Because personal letters relayed details of everyday life, they sometimes retained bits of history that newspapers ignored, Dr Restad said. “Home culture, and to a large extent consumer culture, is often recorded by women,” she added.
Letters from Ms Lux’s family, some of which are difficult to read due to fine handwriting or irregular spelling and grammar, were transcribed in 2014 by Julia Evans, who was then studying history at the Wartburg College in Waverly, Iowa, and now operates museum exhibits.
Newspapers have covered the pandemic as well, and reports from across the United States have shown a patchwork of responses from authorities to the spread of the flu.

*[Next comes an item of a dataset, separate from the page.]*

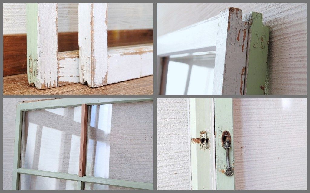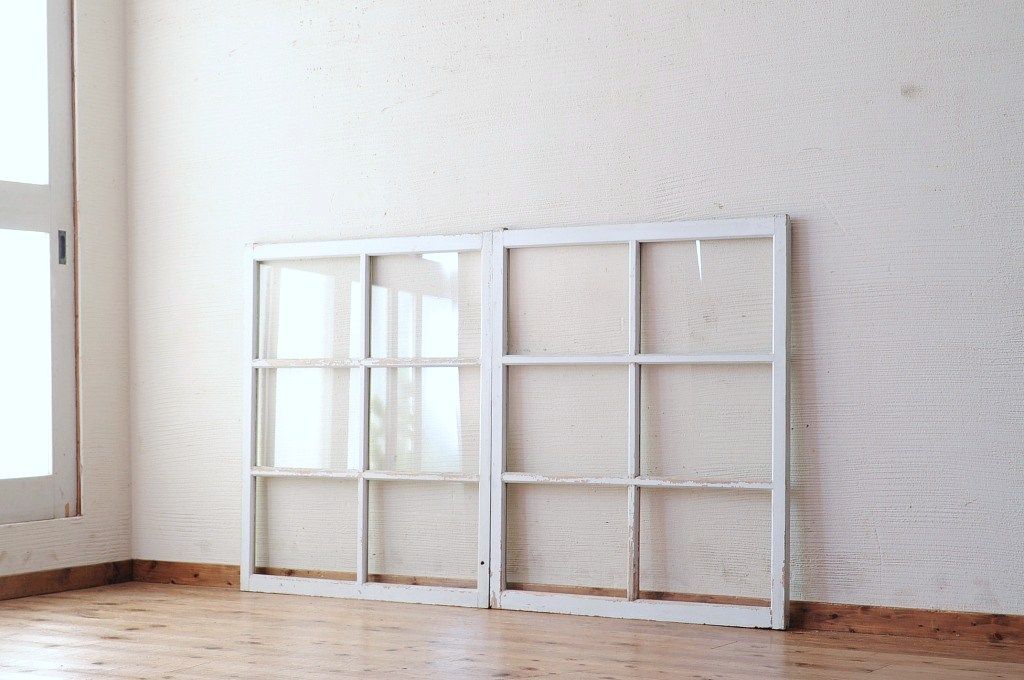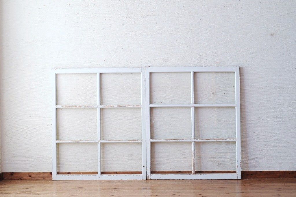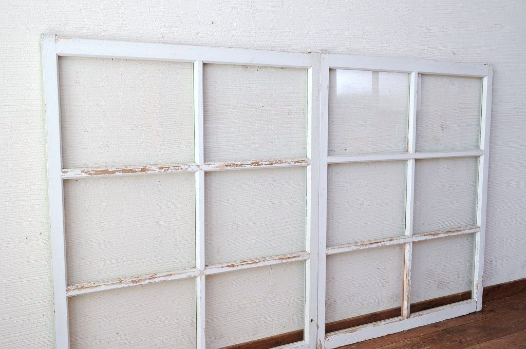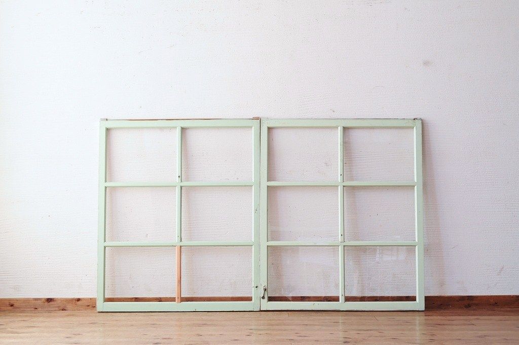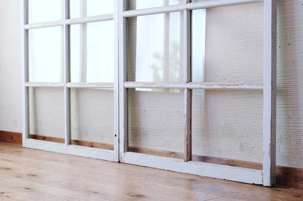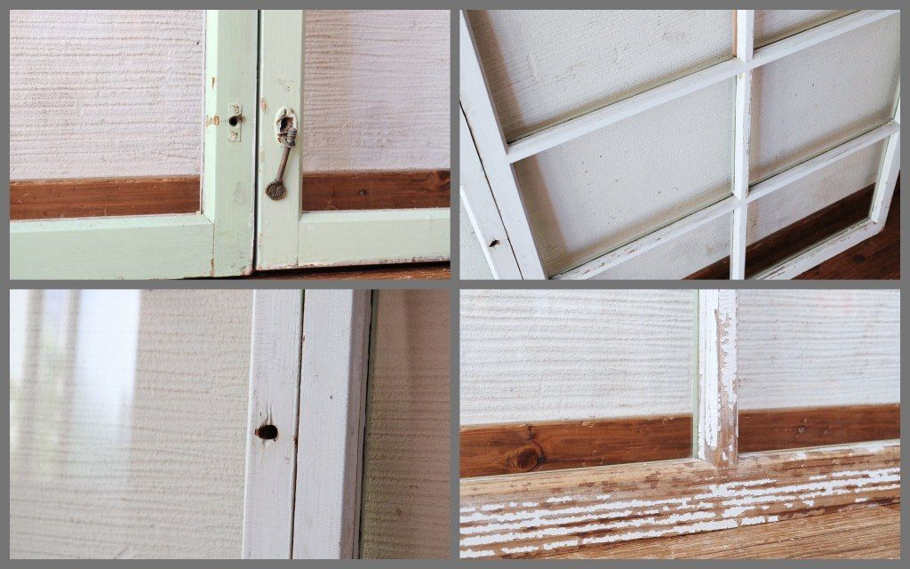 レトロ 古い学校のペンキの剥げた引き戸2枚セット2(窓)

In Hamilton, MT, the Ravalli Republican reported that a multi-month city-wide shutdown was lifted in late December 1918 – just in time for churches and cinemas to open on Christmas Day.
In Lodi, Calif., “Due to the flu here, Christmas celebrations have been drastically reduced, although merchants are reporting great holiday deals,” The Sacramento Bee reported on Christmas Eve. “There will be no municipal tree this year.”
And shortly after Christmas, the Chicago Defender published reports of families who had gathered for family visits or church services across Illinois. The reports were interspersed with notices of people who had fallen ill or had died from the flu.
This year, as coronavirus cases increase and healthcare professionals brace for an upsurge in infections associated with vacation travel, Ms Lux plans to stay home alone over Christmas. But letters from his family from a century ago spoke of gatherings and grave excavations.
“I have been busy for three weeks doing neighbor chores and burying the dead,” wrote a relative, John Tinti, in February 1919. “I have helped lay off more people this winter than ever in my life. life. It was really horrible.
Margaret Hamilton, another relative, wrote that she almost died herself. “My heart almost refused to work and my lips and nails were purplish black,” she said in a letter from March 1919. “Sure, almost passed.
Ms Lux was very impressed with Rebecca Tinti, the great-godmother whose letters recounted several trips to care for seriously ill friends and neighbors. “This lady was literally the Florence Nightingale of Adair County,” Ms. Lux said.
So, on a blustery day in April – the same month the worldwide death toll from the coronavirus topped 200,000 – Ms Lux drove about 60 miles from Lidderdale to Casey, Iowa, to see where Ms Tinti was. was buried almost 90 years ago.
The grave was easy to find, in a small cemetery on top of a hill. “I thought to myself, ‘No one has put anything on these graves for decades and decades,’ Ms. Lux said.
She put down a bouquet of silk flowers before going home.